British experimental-music mag The Wire has one of the first published reviews of Shabazz Palaces' Black Up on stands—remember them?—now (page 60 of the June 2011 issue). Writer Andrew Nosnitsky offers grudging praise for the Seattle hiphop group's Sub Pop debut album.

It feels a little like the record The Jungle Brothers would be making today, had they not succumbed to the conservative callings of the neo-hip House and instead continued their hard lean into the experimentation of J Beez With The Remedy. Set on top of dubstep wobbles, kitchen sink concrète, stop/go breaks and loose jazzy tangents that throw back to Digable days, Shabazz's heady exercises in wordplay are dense and close to indigestible, but they do reward proper marination. Still there's a lingering sense of calculation to their weirdness, the feeling that this is someone's specific idea of what next-level hiphop is supposed to sound like (a very 90s approach in itself) and not the type of batshit creativity bursts that can lead to truly transcendent experimental hiphop.

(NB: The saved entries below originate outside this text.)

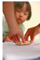
『北斎Tシャツ』 ※イメージ
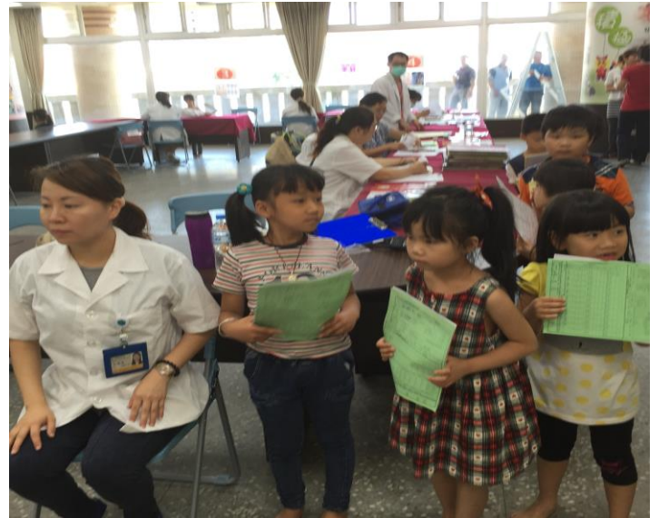
登記資料排隊檢查，醫院細心人員引導
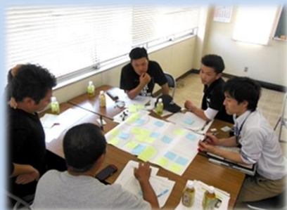
5月 開講式(グループワーク)
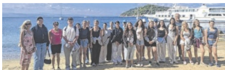
Freistädter Musikmittelschüler auf Bildungsreise in Griechenland.
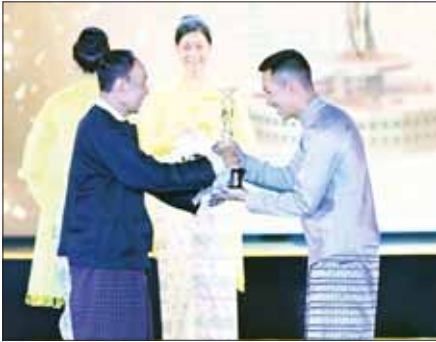
“ဒဏ္ဍာရီမိုး” ဇာတ်ကားဖြင့် အကောင်းဆုံးရုပ်ရှင်ဇာတ်ပုံဆု (၂၀၁၉) ရရှိသည့် အကာတိုး ဆုလက်ခံယူစဉ်။
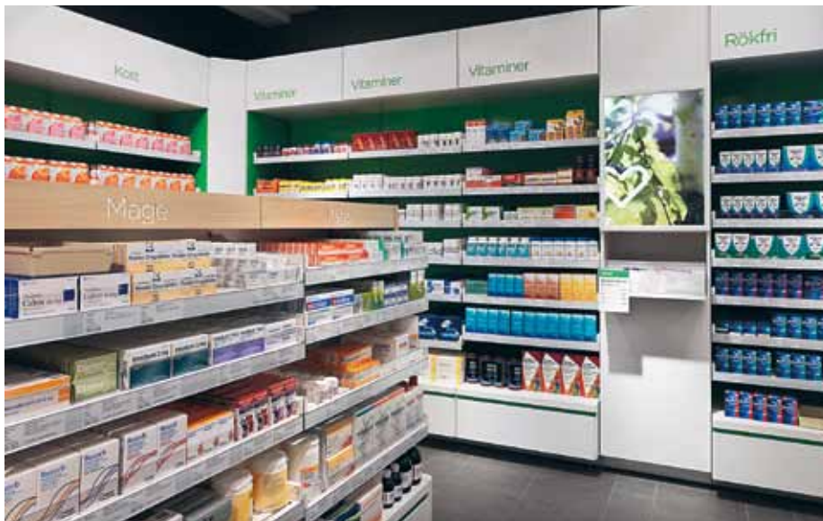
Apoteket använder AM Avvikelse bland annat för att hålla ordning på godkännandeprocesserna för egenvårdsprodukter som genomgår hårda kvalitetskrav innan de slutgiltigt godkänns för att ingå i Apotekets sortiment.

Den svenska apoteksmarknaden har kraftigt förändrats. Nu är konkurrensen hård om kunderna. Apoteket är fortfarande störst, men nya aktörer som exempelvis Medstop har gett sig in i kampen. Båda apotekskedjorna har valt AM Avvikelse som ärendehanteringssystem.
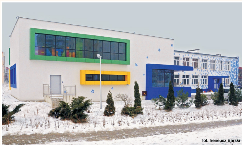
fol. Ireneusz Barski

Prezentujemy Państwu rozbudowane Przedszkole nr 219 przy ul. Keniga 20, które powiększyło się o cztery oddziały. W placówce przeprowadzono dodatkową rekrutację na rok 2011/2012. Od 1 marca 2012r. edukację rozpocznie 113 dzieci. Do przedszkola zostały przyjęte dzieci dla których zabrakło miejsca podczas wiosennego naboru. Wszystkim dzieciom życzymy aby czuły się tu jak w domu i w pełni skorzystały z bogatej oferty dydaktycznej natomiast Dyrekcji i wszystkim pracownikom satysfakcji z wykonywanej pracy.

I've only heard a few tracks from Black Up, but Nosnitsky's critique seems a bit miserly. Maybe I'm in the minority, but I think amazing weird music rarely happens without calculation, and "someone's specific idea of what next-level hiphop is supposed to sound like" is no bad thing in my mind. Shabazz aren't really the "batshit" types, but their cool-headed, steely-eyed scheming and scrupulous adventurousness already have resulted in plenty of "transcendent experimental hiphop," and I suspect more will be forthcoming on Black Up.